La bataille commence à midi. Les Helvètes
attaquent. Les Romains contre-attaquent (p. 68). Les
Helvètes reculent . Mons suberat circiter mille
passum, ils voient le mont (de Sanvignes) qui est à 1 km 500
d'eux. Eo se recipere coeperunt, ils se replient vers ce mont. Belle
manœuvre de César: les Helvètes sont pris au piège
comme dans une souricière.
Mais voilà que la fortune joue un tour
à César: Capto monte, ce mont ayant été
pris d'assaut (sous-entendu: par les Helvètes), les
Romains les poursuivent en grimpant péniblement la pente. Ils sont
en position défavorable.
Les Boïens et les Tulinges qui marchaient
en arrière-garde arrivent alors sur le champ de bataille. Ils commencent
à entourer les Romains en les attaquant sur leur flanc découvert
par la marche. Voyant cela, les Helvètes qui s'étaient réfugiés
sur le mont, reprennent le combat: belle manœuvre des Helvètes.
La
troisième ligne de bataille romaine fait une conversion
et s'oppose aux Boïens et aux Tulinges, tandis que la première
et la deuxième lignes s'opposent aux Helvètes (p.70).
La bataille fait rage.
Sur ce champ de bataille de Sanvignes qui s'accorde
parfaitement
avec le texte des Commentaires et qui est dans la norme des grands
champs de bataille antiques, à ce moment capital du déroulement
des combats, on peut dire que les Romains étaient militairement
vaincus. Volontairement ou non, les Helvètes ont attiré César
dans les fonds. Ensuite, il leur était facile depuis le mont de
Sanvignes de s'emparer de la colline très proche que les
Romains avaient abandonnée.
Après les avoir encerclés sur trois
fronts, les Helvètes attendaient très certainement la nuit
pour donner l'assaut final. Comment les Romains pouvaient-ils maintenir
leur supériorité en escrime dans l'obscurité? Je
suis persuadé que, malgré leur valeur militaire, ils allaient
être submergés par les vagues d'assaut helvètes.
César a compris qu'il lui fallait d'urgence
déplacer le lieu du combat. Il n'a trouvé son salut que par
un coup de génie (p. 72).
Ce coup de génie, c'était une action/coup
de poing.

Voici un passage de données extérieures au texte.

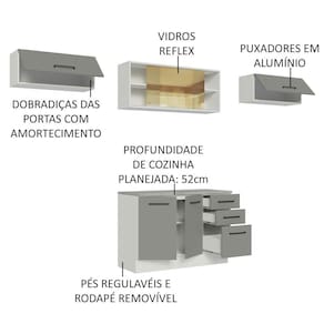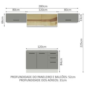 - 52 cm de profundidade no balcão e 31 cm nos aéreos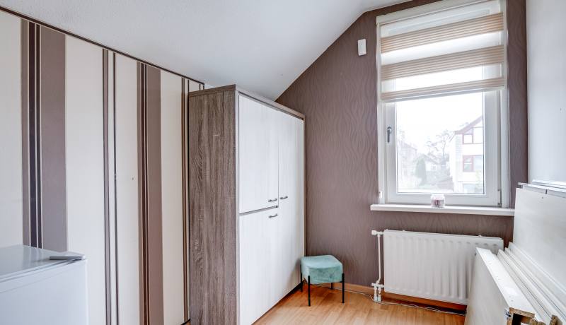 On the first floor you will find three well-sized bedrooms, perfect as bedrooms, a home office or children’s rooms. The bathroom is fully equipped with a shower and washbasin. A separate staircase leads via a hatch to the spacious attic, ideal for extra storage.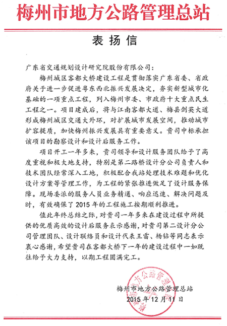 近日,梅州市地方公路管理總站發(fā)來(lái)表?yè)P(yáng)信,對(duì)我司在梅州城區(qū)客都大橋建設(shè)項(xiàng)目中提供的高效、優(yōu)質(zhì)服務(wù)表示贊揚(yáng),同時(shí)對(duì)負(fù)責(zé)該項(xiàng)目的第二路橋設(shè)計(jì)分公司及項(xiàng)目管理團(tuán)隊(duì)、設(shè)計(jì)聯(lián)絡(luò)員和設(shè)計(jì)代表王雷、楊鉆同志給予了通報(bào)表?yè)P(yáng)。特此報(bào)喜。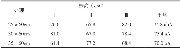30×60cm 密度下株高显著高于 35×60cm ( P<0.05 )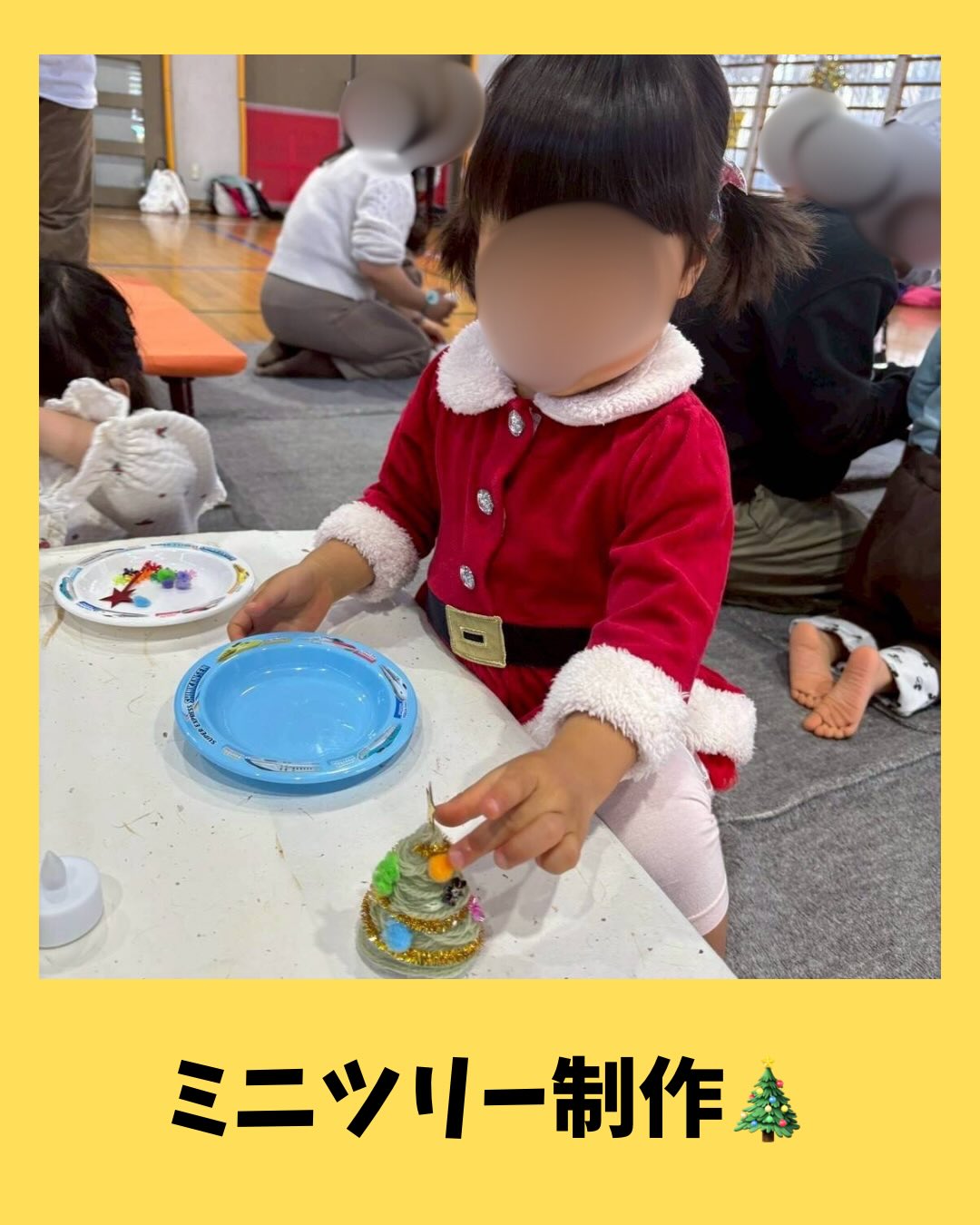 終わりにサンタさんと記念撮影をしましたが、娘は怖かったのかママにベッタリでした。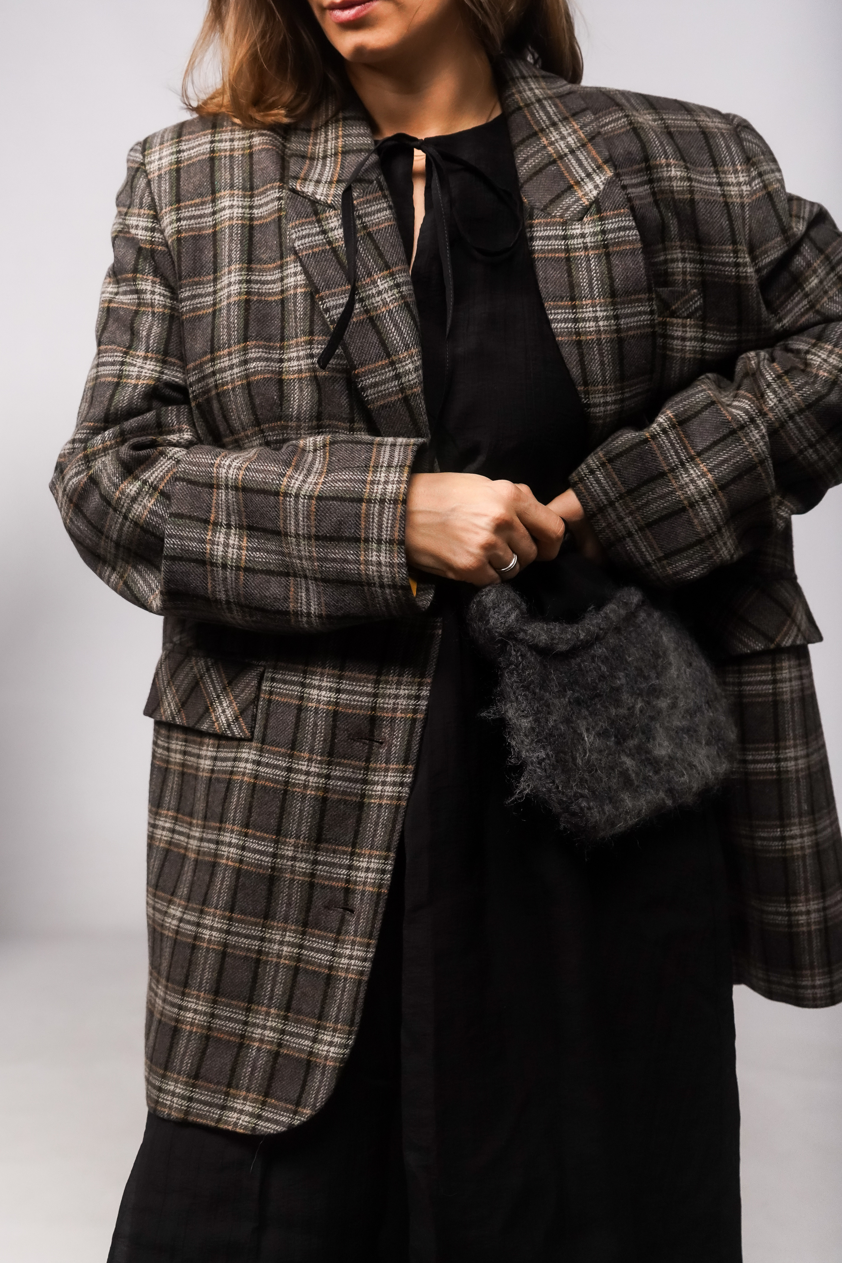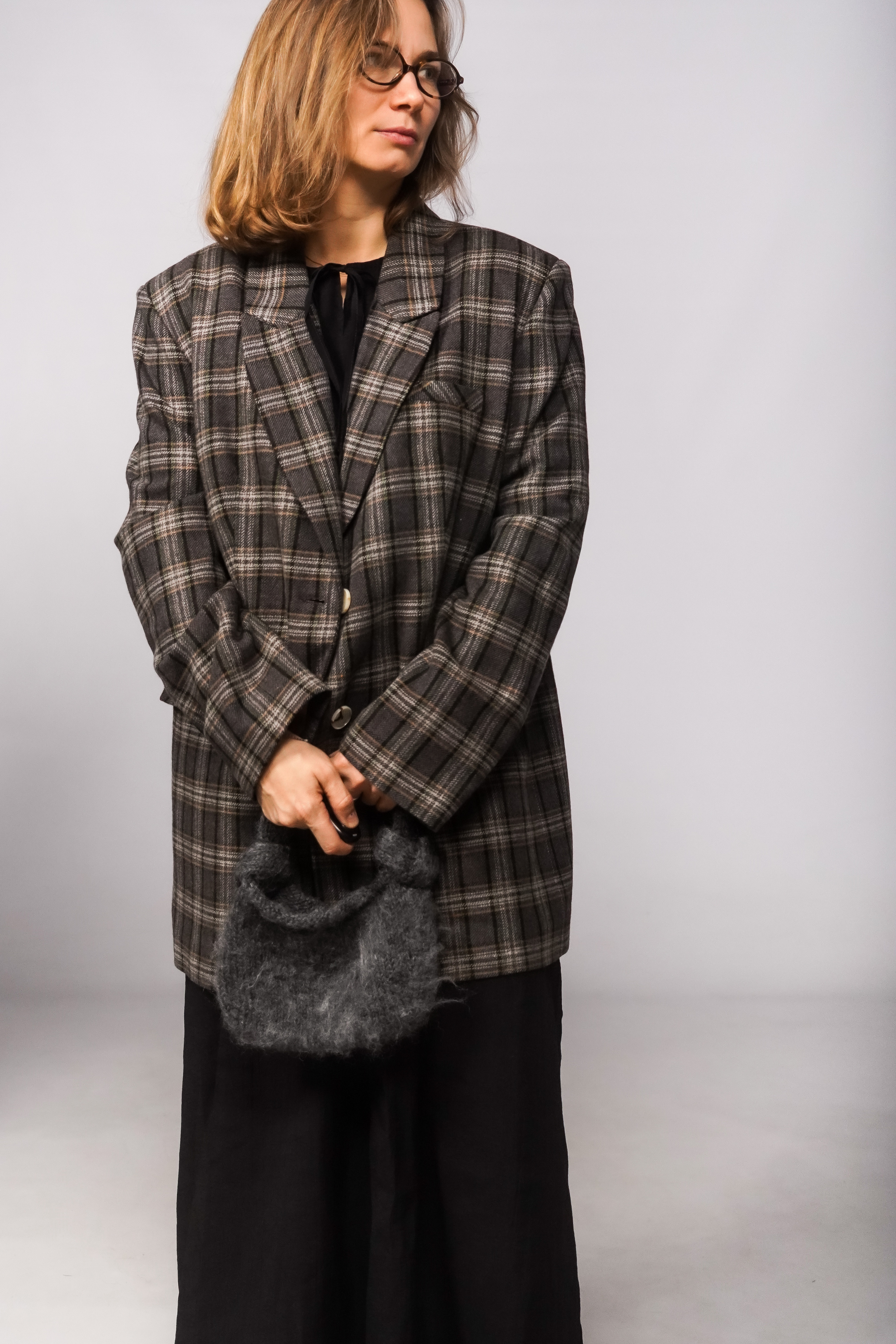 Пиджак однобортный свободного кроя из итальянской смесовой шерсти с контрастной подкладкой. Есть карманы.

Perdu pour perdu, renonçant à reprendre le mont
de Sanvignes, il a ouvert une brèche au point de jonction des troupes
boïennes et helvètes. Il a lancé sa deuxième
ligne de bataille à l'assaut des femmes et des enfants qui se trouvaient
en attente avec leurs chariots à Dornand, derrière la rivière
de l'Oudrache.
En entendant les cris de leurs femmes et de leurs
enfants que les Romains égorgeaient ou menaçaient d'égorger,
que pouvaient faire les Helvètes qui tenaient le mont de Sanvignes?
Une seule chose: arrêter le combat.
Dans ma conférence à la Société
d'Histoire de Chalon-sur-Saône, le 30 janvier 1993, je me suis efforcé
de montrer, non seulement l'absurdité tactique d'une grande bataille
sur les reliefs tourmentés de Montmort, mais aussi que le texte
des Commentaires interdisait de placer cette bataille à l'ouest
de l'Arroux. Pour une migration de cette importance qui se déplaçait
lentement, une étape de plus de 15 km est absurde. Un demi-tour
en marchant d'un convoi de milliers de chariots sur les mauvais chemins
de Montmort est plus absurde encore. Le texte des Commentaires est
là; on ne peut pas le faire mentir. Ce texte rassemble un faisceau
de preuves incontournables. Il confirme les affirmations de Strabon.
César n'a pas obliqué vers le Mont-Beuvray, il a fait demi-tour.
Quand
il se dirigeait vers Bibracte, il tournait le dos au Mont-Beuvray.
Il y a plus d'un an que j'ai publié mes
travaux. Aucun contradicteur ne s'est manifesté. Certes, aujourd'hui,
on parle beaucoup moins du Mont-Beuvray qu'hier - ce qui est dommage -
mais on fait comme si c'était toujours le site de Bibracte. Il faudra
bien, un jour, mettre les cartes sur la table.
A l'issue de son heure de vérité
du 19 décembre dernier, Otto de Habsbourg a écrit cette phrase
sur le livre d'or de France II:
Celui qui ne sait pas d'où il vient, ne
sait pas où il va, car il ne sait pas où il est.»